On part of the boundary, the displacements are prescribed (Dirichlet boundary Conditions). In the figure, this part is denoted as $Γ_g$

u = g on $Γ_g$

On the part of the boundary denoted as $Γ_h$, tractions are applied, which could also be zero.

Traction is the force per unit area on a surface

t = h on $Γ_h$

Back in the poisson problem, the boundary value problem requires boundary conditions. The dirichlet conditions impose

u = g on $Γ_g$

which prescribes the potential on the boundary.

Note: For heat conduction this is the temperature on the boundary $Γ_g$. For Darcy flow this is the hydraulic head.

The Neumann boundary condition requires that -q n = h on $Γ_h$

where n is the outward normal to the surface $Γ_h$

Note: In the case of heat conduction, this imposes the heat flux on $Γ_h$.

For Darcy flow it is the inflow/ outflow across a boundary.

The weak form of the Poisson equation is derived as follows: Multiplying equation (2.1) by a weight function w and integrating over the body Ω.

()#\[ \int_{Ω} w( ∇· \textbf{q})dΩ +\int_{Ω} w fdΩ =0, ∀ w ∈ V \]

Integrating the LHS of the above equation by parts yields:

()#\[ \int_{Ω} ∇w· \textbf{q}dΩ - \int_{Ω} w \textbf{q}· \textbf{n} dΩ +\int_{Ω} w fdΩ =0, ∀ w ∈ V \]

Inserting now the constitutive relationship and the boundary condition − q · n = h leads to the problem: find u ∈ S such that:

()#\[ -\int_{Ω} ∇w ·\textbf{κ} ∇qdΩ + \int_{Γ_h} w h dΓ +\int_{Ω} w fdΩ =0, ∀ w ∈ V \]
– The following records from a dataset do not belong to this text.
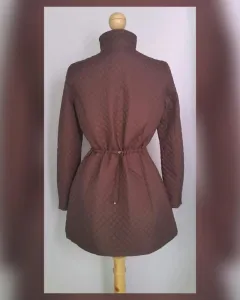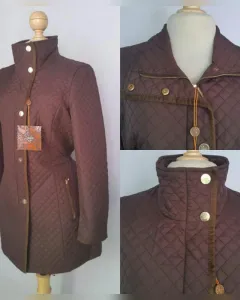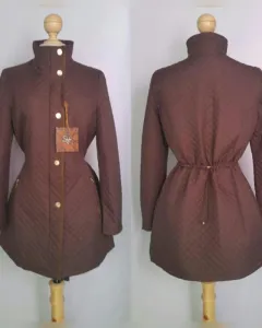 Parka ligera acolchada tono TABACO c/bies fake fur tono CHOCOLATE cuello, zona frontal y puños, cuello clásico convertible a cuello alzado, cierre p/cremallera oculta p/tapeta c/snaps, 2 bolsos vivo c/cremallera, elástico trasero ajustable cintura y forro interior fantasía. Talla M. Dimens cms: 39 hombro, 53 axila, 46 cintura, 62 zona baja, 81 largo, 59 largo manga. 100% poliéster. P/lavado seco
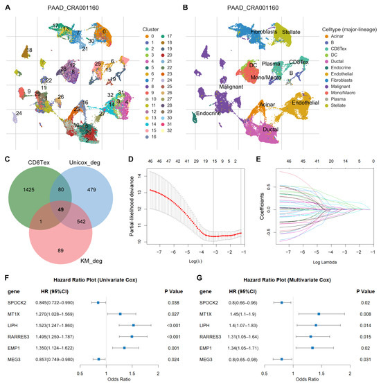 Identification of TEX-related gene signature in PACA. (A) The UMAP plot in PAAD-CRA001160 scRNA-seq dataset from TISCH2 database. These cells were distributed in 33 clusters. (B) The UMAP plot presented by cell type. The CD8TEX mainly consisted of cells from cluster 6 and cluster 15. (C) Intersection among CD8TEX-related genes and DEGs selected by three methods (DESeq2, edgeR, and limma R packages) with prognostic values in both univariate Cox regression and Kaplan–Meier survival analysis. This intersected Venn plot was generated using the jvenn online tool, which is an interactive Venn plot viewer (https://jvenn.toulouse.inra.fr/app/example.html, accessed on 1 January 2024). (D,E) The LASSO coefficient profiles generated by 49 prognostic TEX-related DEGs using the survival (v3.3.1) and glmnet (v4.1-7) R packages. The log(λ).min was used to select the optimal gene sets, and a total of 14 TEX-related DEGs were selected for stepwise variable selection process to obtain the best candidate for Cox’s proportional hazards model. Six TEX-related DEGs were finally utilized by stepwise variable selection process with the My.stepwise (v0.1.0) R package. (F,G) Univariate and multivariate Cox regression analyses of the six TEX-related DEGs confirmed the significant association with OS in PACA patients from TCGA using survival (v3.3.1) and survminer (v0.4.9) R packages. The forest plot was drawn with the forestplot (v3.1.1) R package.
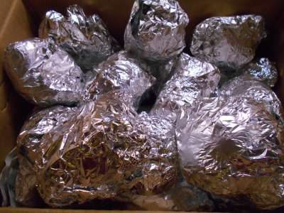 スタッフの手違いで、芋に新聞紙を包み過ぎ

which is the weak form of the Poisson equation.

Beam problems#

Typically two types of beams are addressed in literature, the Bernoulli - Euler Beam and the Timoshenko beam. The the Bernoulli - Euler Beam is valid for relatively slender beams, whereas the Timoshenko beam is relevant where shear deformations are present. In order to solve beam elements, a similar process is followed to the one used in continuum elements. Again, since the governing equation is formulated, a weak form of the equation must be developed. At this stage only in-plane, linear beams are considered. All forces and moments are in-plane.

Kinematics of a beam: Beam theory is based upon the assumption that planes which are normal to the beam’s axis remain plane. For a transverse displacement v Figure 2.1 (left panel) shows the rotation of the plane due to a rigid body rotation.

Considering now a fibre which is initially perpendicular to the beam axis. Subjecting a segment from a beam to pure shear, the fibre will not rotate, as illustrated in Figure 2.1 (right panel). Relative to the fibre which has not rotated, a plane which remains perpendicular to the axis undergoes a rotation γ.

For a beam segment subjected to both rotation and shear deformation, the rotation θ of a fibre which is initially perpendicular to the beam’s axis. $$ \theta = v_{,x} - \gamma $$ (beam_kinematics)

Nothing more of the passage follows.